Social determinants of health (SDoH) have a significant impact on a worker’s ability to return to work after a workplace injury. These social and economic determinates shape the worker’s environment and have a profound effect on health outcomes.

In a 2019 report, the Health Enhancement Research Organization (HERO), outlines a goal that businesses should optimize the value of their workforce, “The impact of existing company practices on workforce health in all aspects of business operations must be considered, even in the areas not traditionally viewed as effecting employee health”.

Some factors that impact a worker’s return to work:

  • Income and education level: Workers with lower incomes and education levels may have limited access to healthcare, resources for recovery, and job opportunities that can accommodate their needs.
  • Social support: Workers who lack social support systems may have a harder time managing their health conditions and accessing the resources they need to return to work.
  • Access to healthcare: Workers who lack access to healthcare may have difficulty managing their health conditions and receiving treatment that can help them return to work.
  • Housing and neighborhood conditions: Workers who live in neighborhoods with poor housing conditions, inadequate transportation, or limited access to healthy food may have a harder time managing their health conditions and returning to work.
  • Discrimination and systemic inequalities: Workers who face discrimination or systemic inequalities based on their race, ethnicity, gender, sexual orientation, or other factors may experience higher rates of health conditions and have limited access to resources for recovery and job opportunities.
Social Determinants of Health.

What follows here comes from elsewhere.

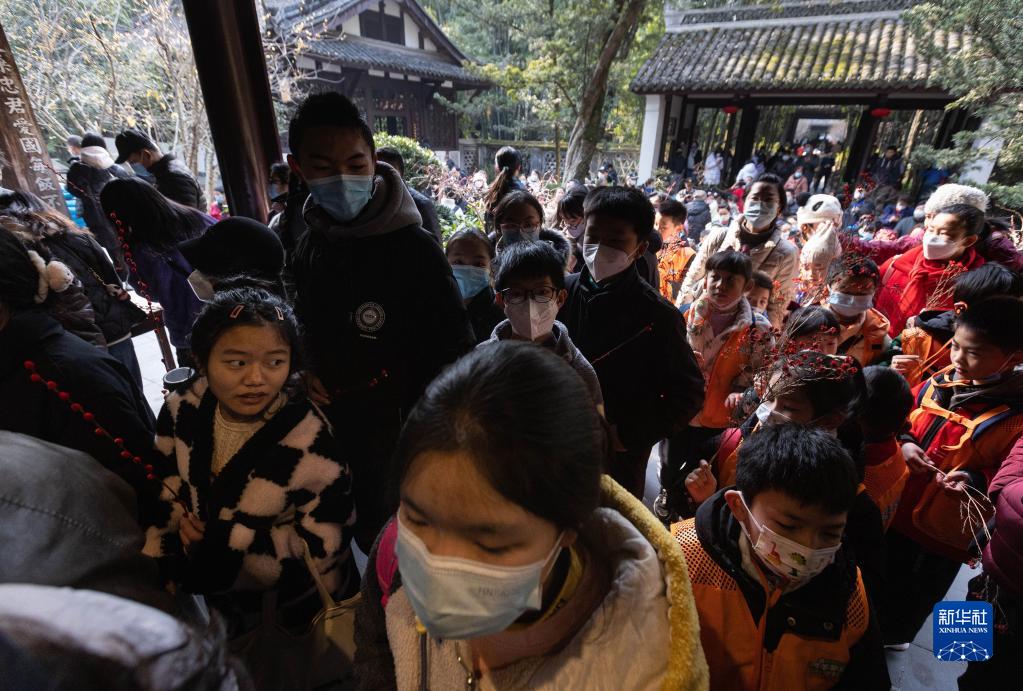 1月28日,在四川成都杜甫草堂工部祠,人們手捧紅梅祭拜杜甫。

Healthy People 2030

Healthy People 2030, U.S. Department of Health and Human Services

At MedCall, our telehealth triage services give injured workers fast access to healthcare and lowers the time it takes for a worker to return to work. As we analyze our data, we find there can be a correlation between workplace injuries and conditions in the workplace. Findings from the Robert Wood Johnson Foundation, indicate that workers are “more prone to injuries and illness if their job includes repetitive lifting, pulling or pushing heavy loads, poor quality office equipment, long-term exposure to harmful chemicals such as lead, pesticides, aerosols, and asbestos, or a noisy work environment.”

In order to ensure workers safety, employers, healthcare & insurance providers, and policymakers should work together to identify and address SDoC factors and provide resources that can help workers overcome these challenges and succeed in returning to work.